Public Archaeology and Participation
Komana archaeological research project put educational programs for women and children in the center of heritage conservation activities.
Systematic investigation into the needs of the community was conducted and priorities were identified. Accordingly, additional activities to support the local communities in terms of rural development were organized. All activities assumed the aim of increasing awareness of the community regarding Komana with a future goal of increased appropriation and protection. The efforts were warmly welcomed by both the rural communities and the local government.

Small scale education programs evolved into participatory action research with the intention to achieve long lasting success in raising heritage awareness and protection of the archaeological site. The short term success of these efforts is varied however they have led our team to think deeper into relevance, community engagement, ownership, benefit, and the role of the archaeologist within this very complicated dialogue with the public.

Activities:

1. In 2010, Ten primary school kids, ages between 8 and 13, were offered archaeology and art history lectures, they were taken to the field for a visit, experienced excavation first-hand through mock trenches prepared in the garden of the house and attended an arts workshop on "Art through the Ages" resulting in an exhibition. (supervisors: Mina Şentek, Zeynep Şentek)

2. In 2012, three workshops were held with 14 children ages between 7 and 15. (supervisors: Anıl Ilgaz and Coşku Kocabıyık)
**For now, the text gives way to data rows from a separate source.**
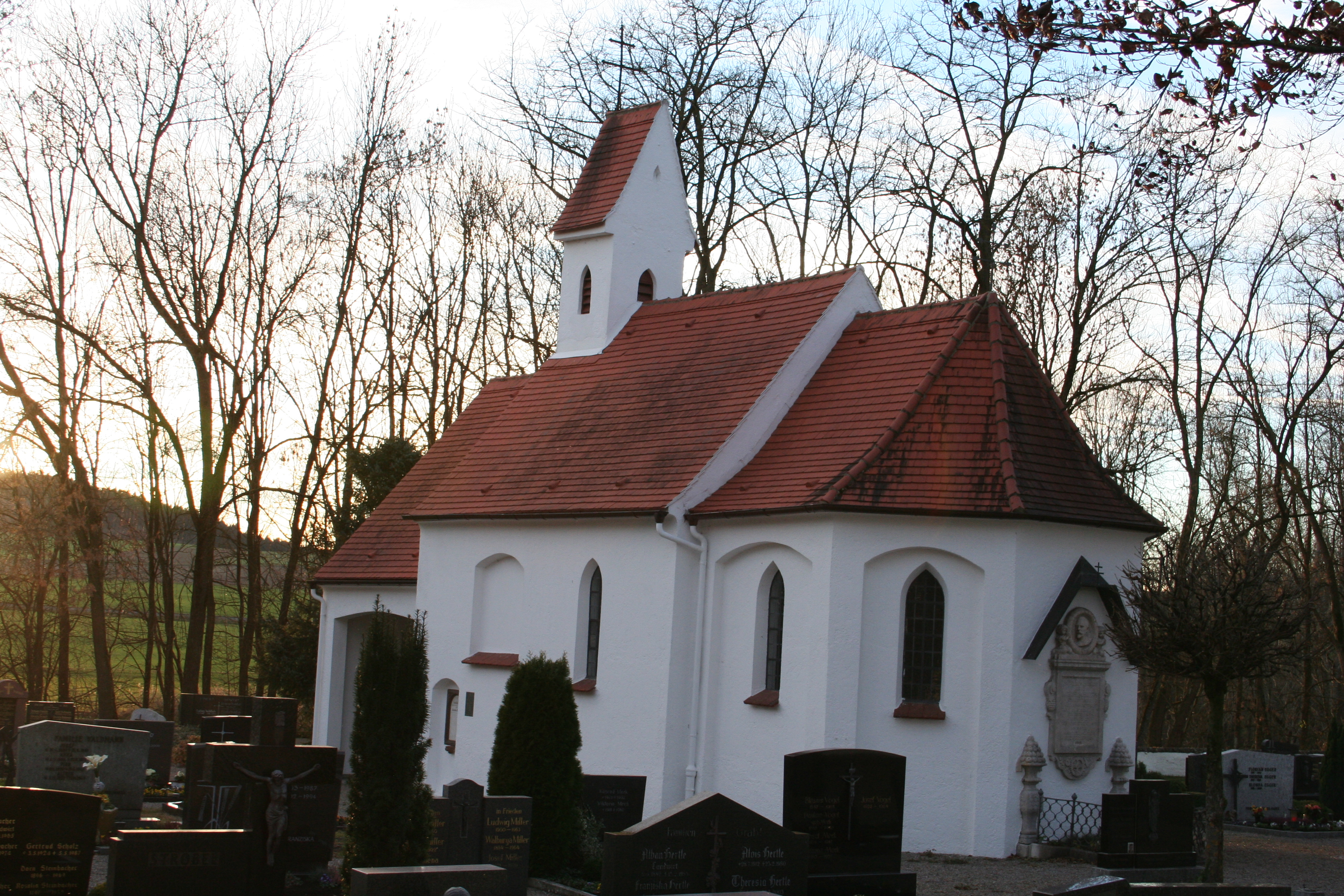 cemetery chapel Niederraunau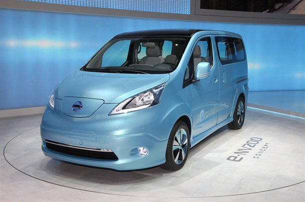 There was plenty of high-end metal being unveiled at the Geneva Motor Show, but the likes of the one-off Lamborghini Aventador J, the Ferrari F12 Berlinetta, and the Maserati GranTurismo Sport, and others weren’t the real show stoppers... there were plenty of the big-end players downsizing: Mercedes-Benz A-Class, Audi A3, Volvo V40, and much more. Here’s what flicked our switch. You can check out more on the 2012 Geneva Motor Show here at; as well as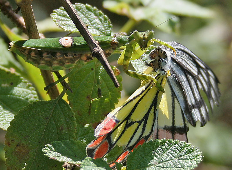 Praying Mantis in Narsapur, Andhra Pradesh, India.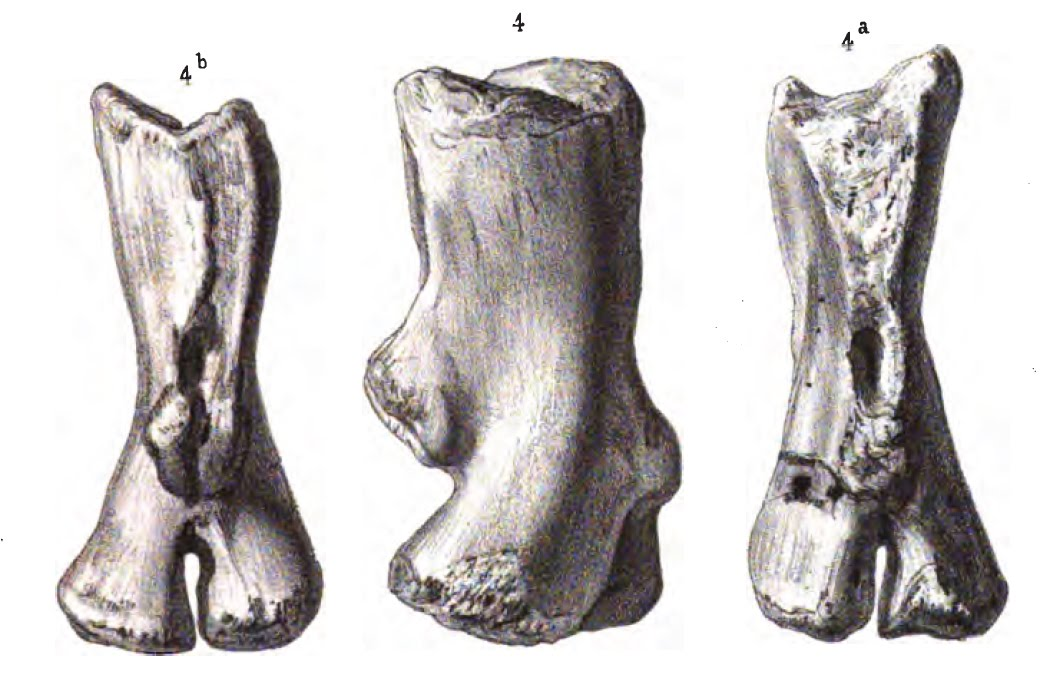 Rachitrema pellati type neural arch in posterior (4b), right lateral (4) and anterior (4a) views. After Sauvage (1883).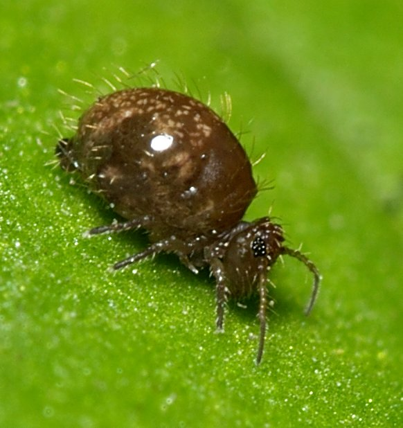 Allacma fusca (Sminthurinae) from Königsforst near Cologne, Germany.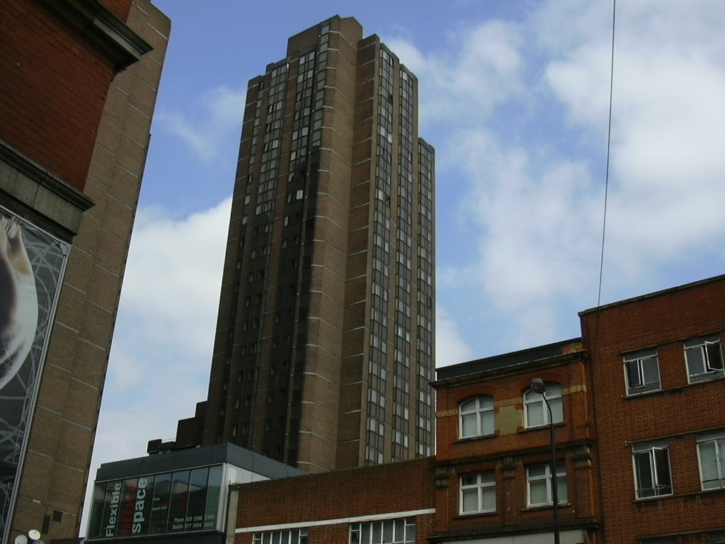 Photo of the Union Jack Club (in London SE1) taken by myself in April 2007. I hereby release it into the public domain.

- The first workshop was an exercise to stimulate imaginative thinking regarding the past. It involved a trip to the site, interviews with the elderly in their village on daily life, and a meeting to share the information they collected during the site visit and the interviews with each other. They were asked to form groups for writing their story of the past. The stories were enacted by children who sewed costumes and made props inspired by their stories and the accumulated knowledge.

- In the second workshop cakes with archaeological layers were eaten during which stratigraphy and excavation techniques were discussed.

- The third workshop involved a visit to the Tokat Museum.
3. In 2013, children and women remained at the heart of activities. Children, this time from three different villages, were taken to the site for a photography workshop. Their photographs were later exhibited at Taşhan in the city (a restored han used as a shopping center and café) with the presence of the children and their families.

4. In 2014, Komana Rural Development Association was founded including the women of Bula in its board (supervisor: Ceren İlter).

A handicrafts workshop was organized in the collaboration with the Governorship, Public Education Center and Turkish Employment Agency. The governor (Mr. Cevdet Can) provided all supplies, Public Education Center designed a course and arranged for a teacher and Turkish Employment Agency payed a daily allowance to women who enrolled for this course.
5. In the November of 2015within the same scope and for enhanced engagement, a workshop in a Tokat hotel was organized in order to bring together the excavation team with the local authorities varying in hierarchy from the headmen to the governor, representatives of relevant civil offices, the Museum, the provincial development agency, NGOs, the municipality and the villagers from Bula and Gümenek. The aim was to identify problems, expectations, and to discuss future plans in the light of these preliminary observations.

6. In 2017, a Participatory Action Research project was developed by myself and Anlı Ataöv a planner from METU. The goal had been to device constructive ways to evaluate the impact of the archaeological work at the site on the local communities and empower them to make decisions regarding their physical and social environment, eventually resulting in effective conservation of the site.

7. In 2019, Ceren İlter (who also took part in the project) completed her Master's thesis entitled "The Dialogue Between Cultural Heritage, Development Policies and Local Governments: The Case of Komana/Tokat" in the Urban Policy Planning and Local Governments Graduate Program.